Abstract

A series of alkyl/aryl/aralkylamines or amino acids appended tetrahydro-2H-1,3,5-thiadiazine-2-thiones (4a-i, 5a-g, 6 and 7) were synthesized via one pot domino synthesis. The synthesis involved reacting alkyl/aryl/aralkylamines or amino acids with carbon disulfide employing basic aqueous medium and further cyclization with formaldehyde and alkyl/aryl/aralkylamines or amino acids. In addition, the carboxy-functionalized 1,3,5-thiadiazine-2-thione 6 was further subjected to esterification. All the structures were confirmed through spectral techniques i.e IR, 1H NMR, 13C NMR, and MS analysis. Furthermore, the newly synthesized compounds were biologically assessed via in vitro COX-2 and 5-LOX assays, in vivo anti-nociceptive and anti-inflammatory activities. Among the screened compounds, 6, 5f, and 7 exhibited highest inhibitory potency against COX-2 with IC50 values of 11.96, 13.54, and 13.93 μM, respectively. Moreover, compounds 6 and 7 exhibited excellent inhibitory potential against 5-LOX with IC50 values of 14.01 and 14.13 μM. The in-vivo anti-inflammatory bioassay studies showed that compounds 6, 7 and 5f dramatically reduced the paw edema size at 1 h and 3 h time intervals.
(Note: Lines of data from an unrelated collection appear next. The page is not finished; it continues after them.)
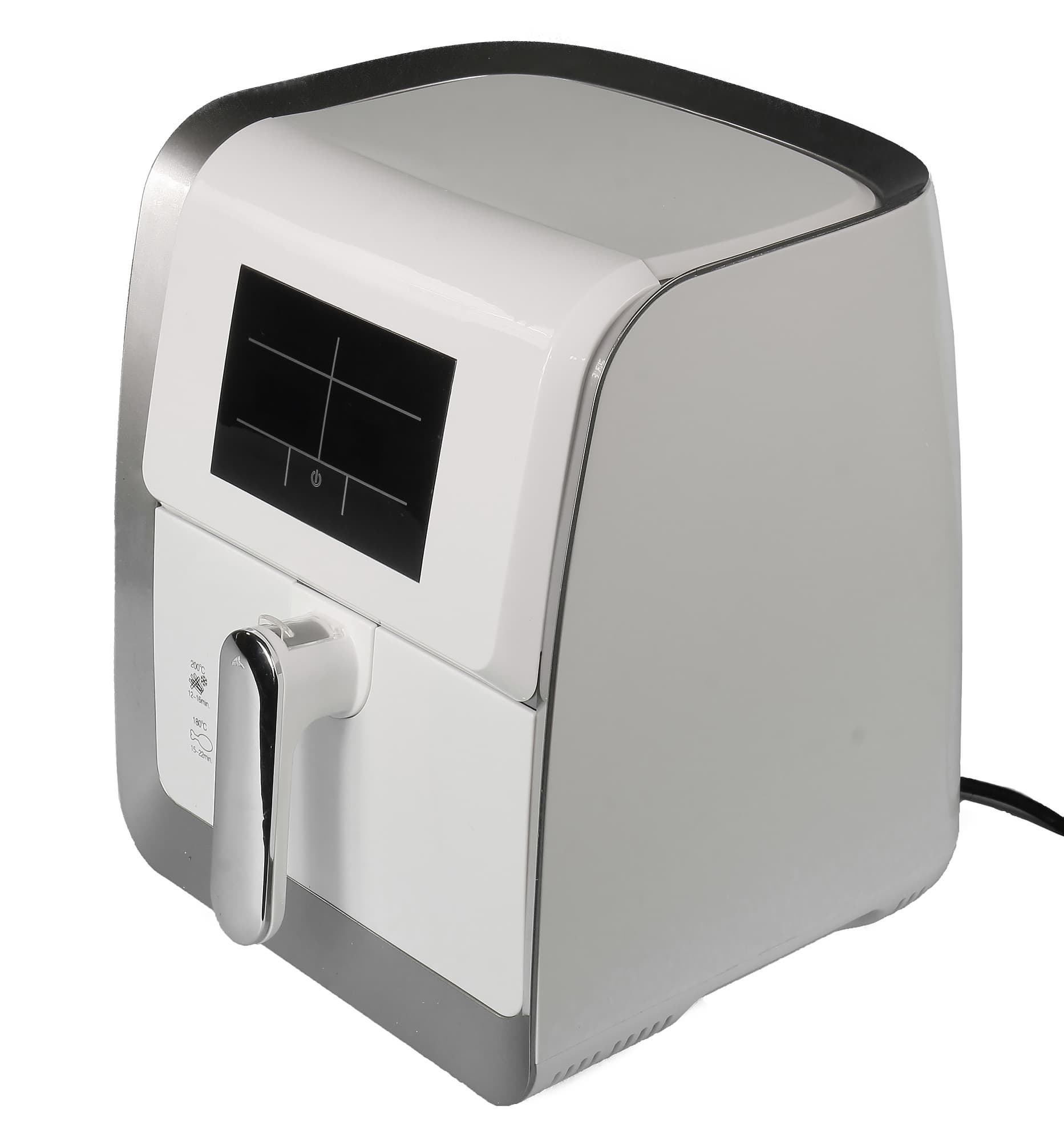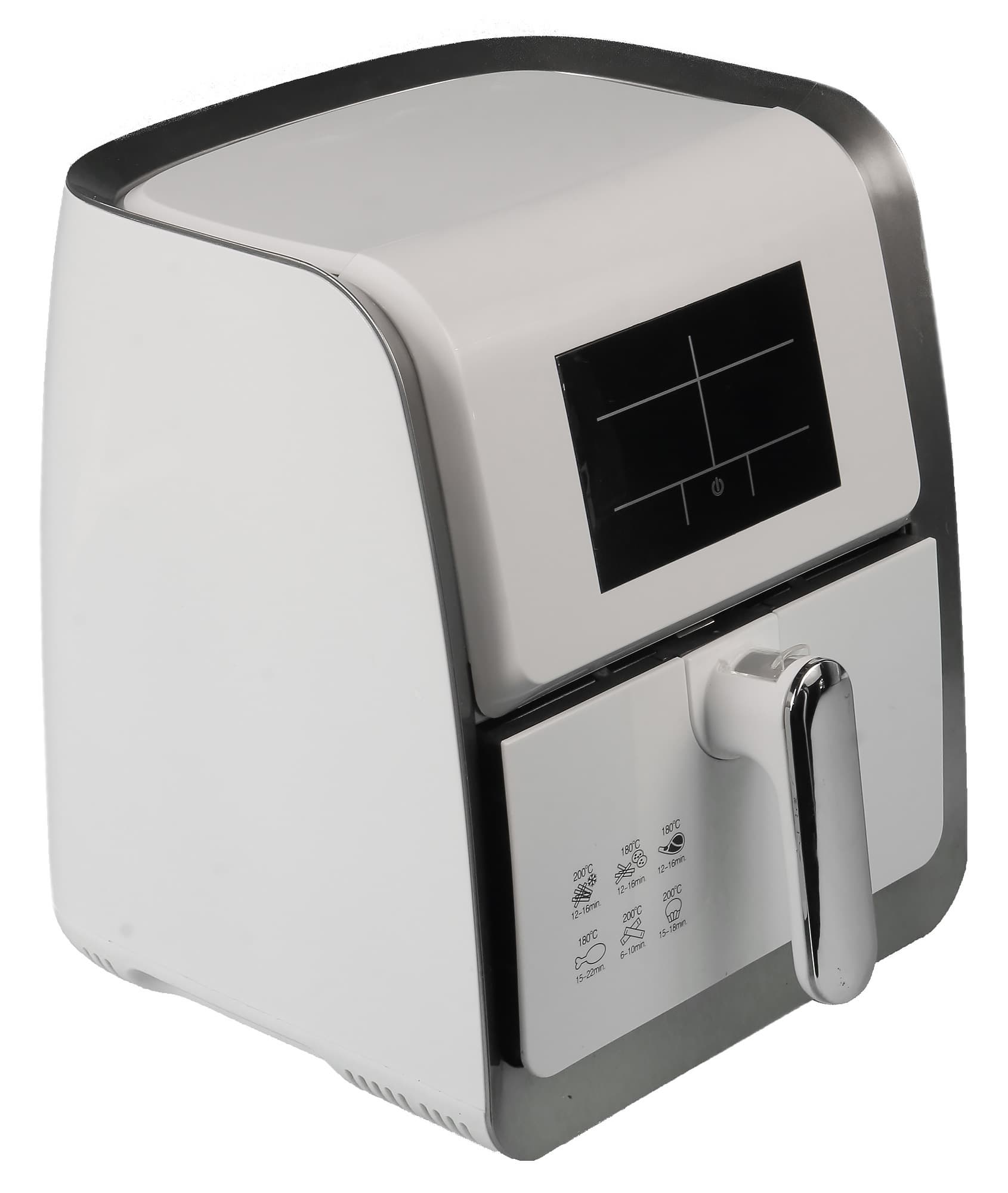 Данный тип устройств предназначен для приготовления блюд под воздействием высокой температуры и конвекции. Конвекционное движение воздуха весьма способствует качественному запеканию любых продуктов. Также к плюсам аэрогрилей принято относить возможность приготовления пищи без добавления масла. Рассматриваемый прибор относится к категории noname. Отличает его относительно компактный размер и наличие электронного табло.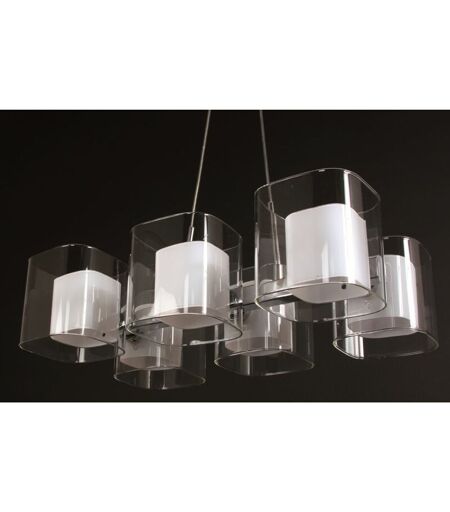 Sampa - Suspension lustre pour plafond blanc 6 lumières en verre et métal
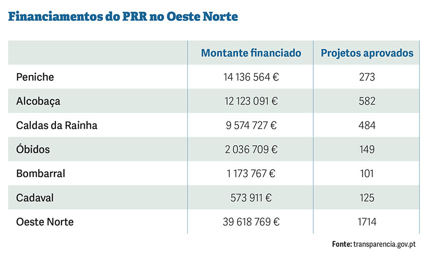 O PRR já aprovou 1714 projetos no Oeste Norte, com um financiamento total de 39,6 milhões de euros, segundo o portal transparencia.gov.pt, que serve de monitorização à “bazuca” europeia.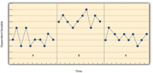 Another important aspect of single-subject research is that the change from one condition to the next does not usually occur after a fixed amount of time or number of observations. Instead, it depends on the participant’s behavior. Specifically, the researcher waits until the participant’s behavior in one condition becomes fairly consistent from observation to observation before changing conditions. This is sometimes referred to as the steady state strategy (Sidman, 1960)[1]. The idea is that when the dependent variable has reached a steady state, then any change across conditions will be relatively easy to detect. Recall that we encountered this same principle when discussing experimental research more generally. The effect of an independent variable is easier to detect when the “noise” in the data is minimized.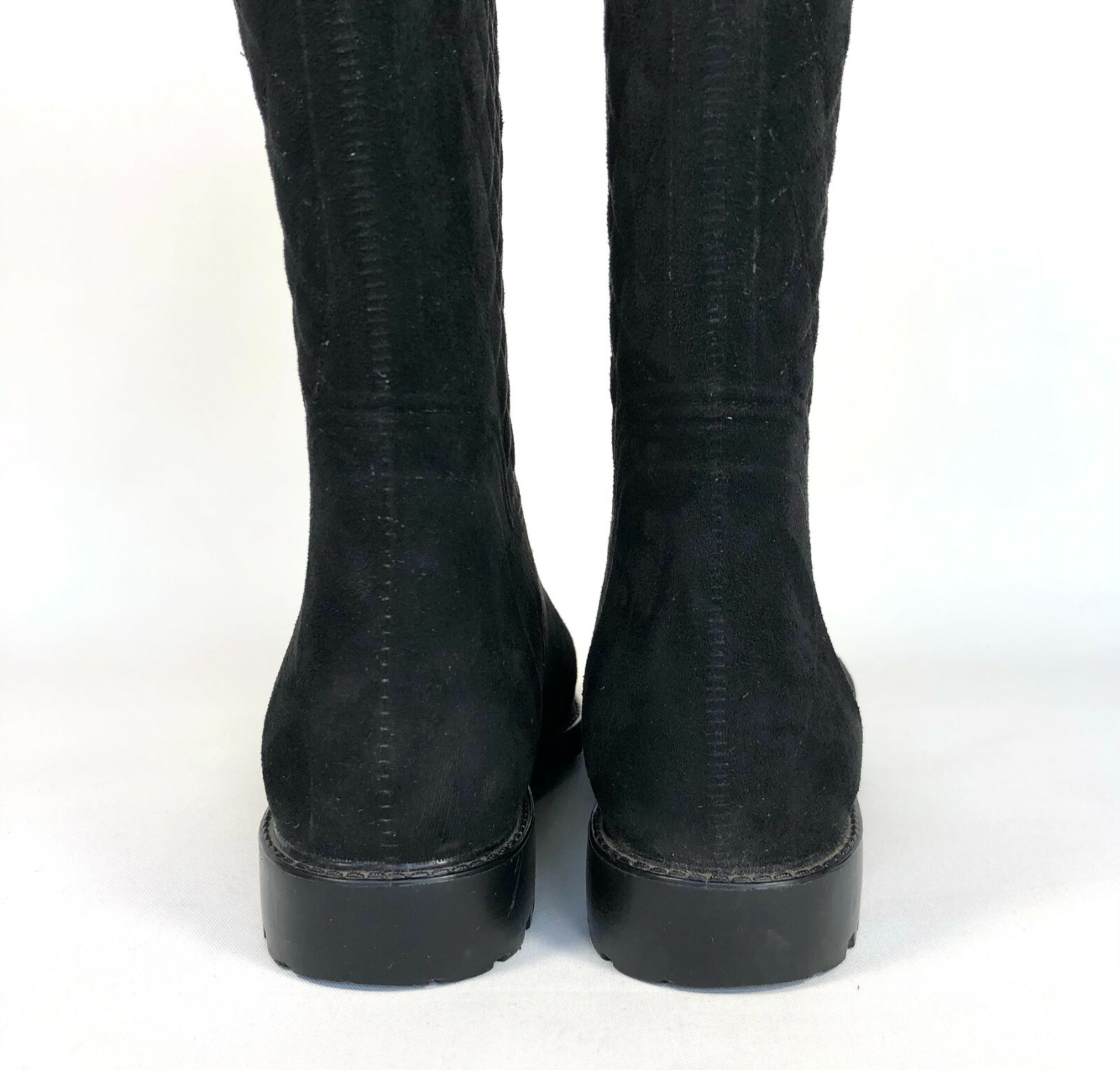 Tommy Hilfiger Babette Black Quilted Faux Suede Tall Rain Boots Size: Womens 9 Boots Shaft: 15" Condition: Pre-owned but in good condition! (Note: Missing TH logo on sides of upper part of boots. See pic gallery for close-ups) FAST SHIPPING!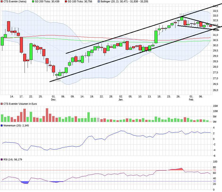 Jetzt kommen nach den Anschlägen von Paris sicherlich auch noch höhere Aufwendungen für Sicherheit dazu. Insofern denke ich, dass Eventim langfristig kaum noch steigende Gewinne machen kann. Damit ist allerdings ein KGV viel zu hoch. 15 halte ich für eine sinnvolle Zahl. Aber in dieser Branche weiß man natürlich nie was passiert. Vielleicht kommt irgendwann eine Übernahme. Man muss sich nur mit Schulenberg einigen. Könnte mir vorstellen, dass der auf dem Niveau nicht abgeneigt wäre.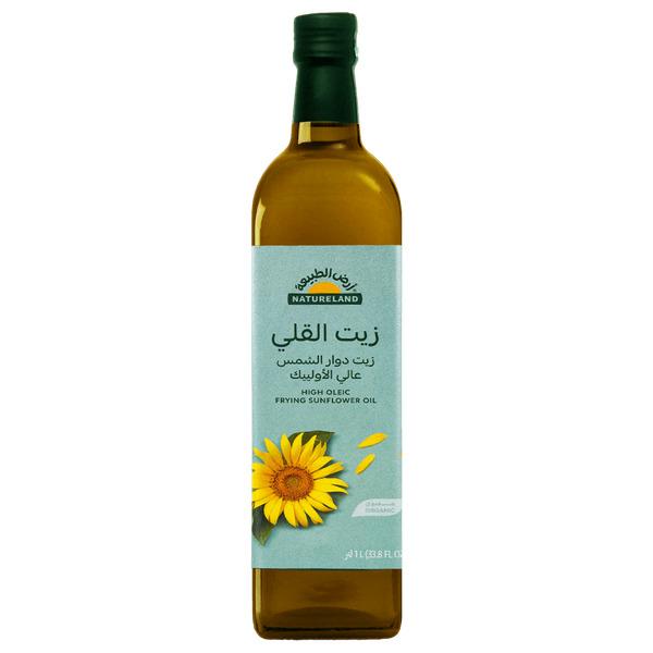 It is an organic product. Natureland Sunflower Frying Oil is produced from a special, hard to find, high oleic variety of sunflower seeds. This means that its oil is high in fatty acids which are more stable when heated - 1 L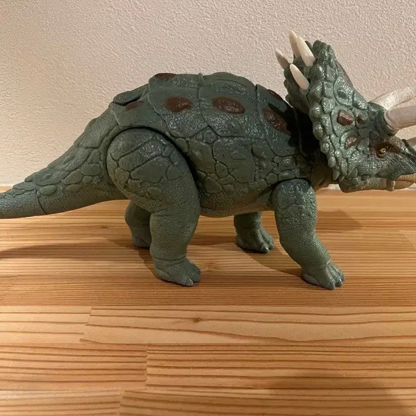 [ 내용 ] 등 뒤의 스위치를 앞뒤로 움직이면 격렬한 배틀 액션을 즐길 수 있는 트리케라톱스 피규어입니다. 머리의 가시가 튀어나와 배틀 모드를 즐길 수 있습니다. 피규어와 연동되는 무료 앱 [ 쥬라기 월드 플레이 ]에 대응하며, DNA 코드를 스마트폰으로 스캔하여 공룡을 컬렉션할 수 있습니다.

In the anti-nociceptive activity, compound 6 showed pain protection comparative to Tramadol in all tested time intervals. In addition, studies of molecular docking revealed the compounds binding modes in the allosteric site of COX-2 and active site of 5-LOX, where these compounds exhibited higher binding scores and good binding interactions.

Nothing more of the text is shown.